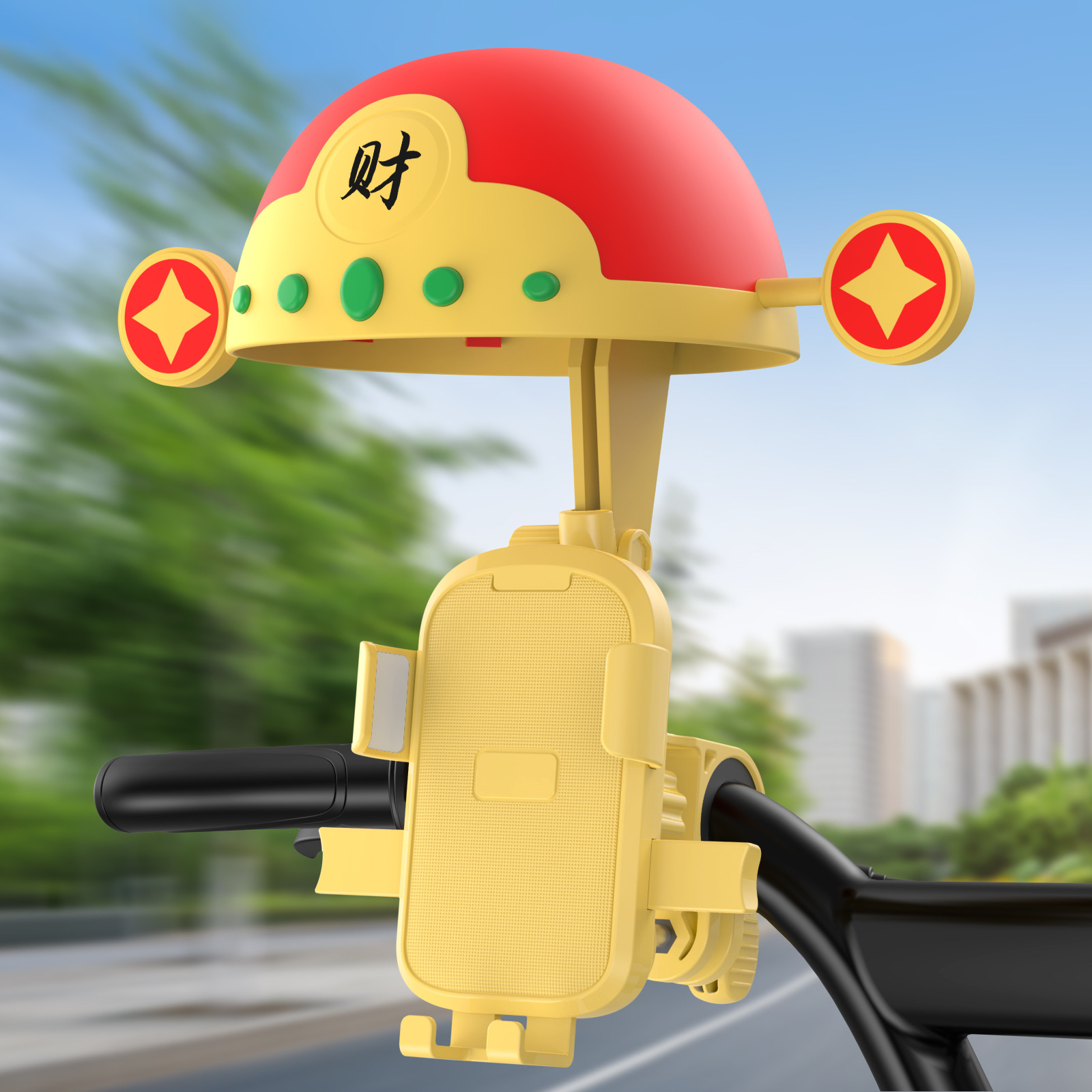 テイクアウトの騎手の電気自動車のオートバイの財神の帽子は日光の雨の携帯電話のスタンドの車のナビゲーションの携帯電話のスタンドを防ぎます。
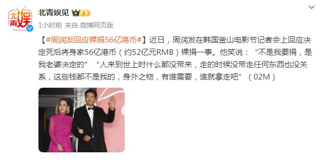 近日,周润发在韩国釜山电影节记者会上回应决定死后将身家56亿港币(约52亿元RMB)裸捐一事。他笑说:“不是我要捐,是我老婆决定的”“人来到世上时什么都没带来,走的时候没带走任何东西也没关系,这些钱都不是我的,身外之物,有谁需要,谁就拿走吧。”
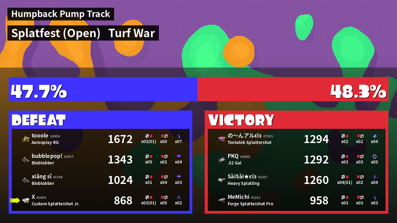 | Medals | #1 Splat Assister First Splat! #1 Wave Breaker User | ||
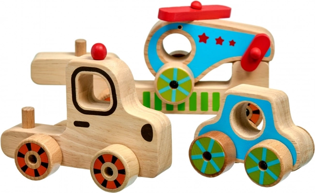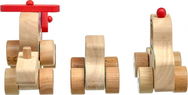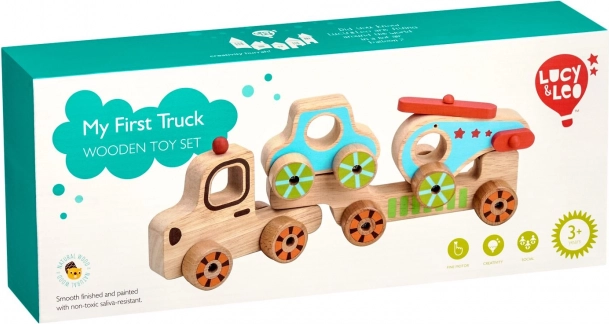Dieses Holzpuzzle für die Kleinsten verbindet Spiel und Lernen. Kinder können mit Lastwagen, Auto und Hubschrauber einzeln fahren und anschließend alles auf die Ladefläche verladen und „unterwegs“ sein. Farbige Akzente und einfache Formen fördern die visuelle Wahrnehmung, während die Handhabung der Teile Griff und Geschicklichkeit trainiert.
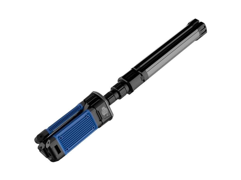 Snadno ho složíte i rozložíte, a pomocí vestavěného stativu ho lze nastavit až do výšky 1,7 metru. V nouzové situaci může fungovat jako powerbanka s výstupem USB-A.
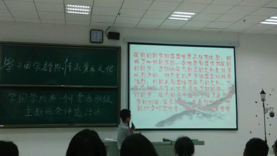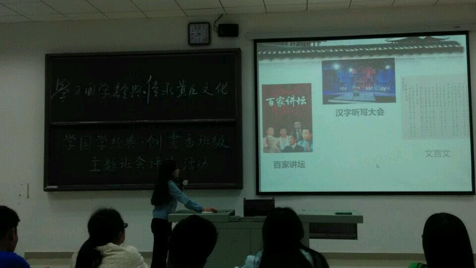 4 24 ,​williamhill中文官网“学国学经典·创书香班级”评比活动在花溪校区4404教室举行。公司分团委员工会干部及2013级、2014级各班级各专业70余名同学参加了本次活动。
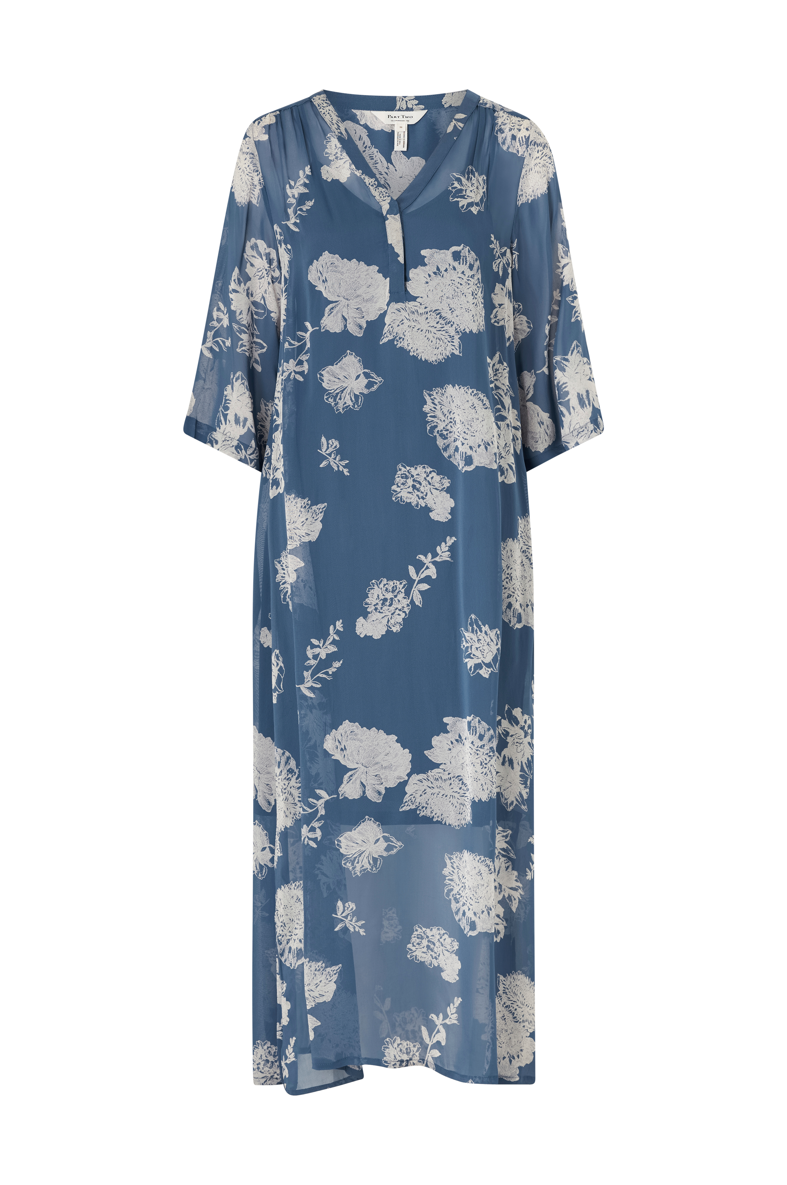 • Lang model i chiffon• V-formet halsudskæring med kort knaplukning foran• Lige, halvlangt ærme• Slidser nede i siderne• Udtagelig underkjole med v-formet halsudskæring og tynde, justérbare skulderstropper• Længde: 131 cm i størrelse 36
------------------------
Set down the data exactly as it appears, without any images.

 テイクアウトの騎手の電気自動車のオートバイの財神の帽子は日光の雨の携帯電話のスタンドの車のナビゲーションの携帯電話のスタンドを防ぎます。
 近日,周润发在韩国釜山电影节记者会上回应决定死后将身家56亿港币(约52亿元RMB)裸捐一事。他笑说:“不是我要捐,是我老婆决定的”“人来到世上时什么都没带来,走的时候没带走任何东西也没关系,这些钱都不是我的,身外之物,有谁需要,谁就拿走吧。”
 | Medals | #1 Splat Assister First Splat! #1 Wave Breaker User | ||
Dieses Holzpuzzle für die Kleinsten verbindet Spiel und Lernen. Kinder können mit Lastwagen, Auto und Hubschrauber einzeln fahren und anschließend alles auf die Ladefläche verladen und „unterwegs“ sein. Farbige Akzente und einfache Formen fördern die visuelle Wahrnehmung, während die Handhabung der Teile Griff und Geschicklichkeit trainiert.
 Snadno ho složíte i rozložíte, a pomocí vestavěného stativu ho lze nastavit až do výšky 1,7 metru. V nouzové situaci může fungovat jako powerbanka s výstupem USB-A.
 4 24 ,​williamhill中文官网“学国学经典·创书香班级”评比活动在花溪校区4404教室举行。公司分团委员工会干部及2013级、2014级各班级各专业70余名同学参加了本次活动。
 • Lang model i chiffon• V-formet halsudskæring med kort knaplukning foran• Lige, halvlangt ærme• Slidser nede i siderne• Udtagelig underkjole med v-formet halsudskæring og tynde, justérbare skulderstropper• Længde: 131 cm i størrelse 36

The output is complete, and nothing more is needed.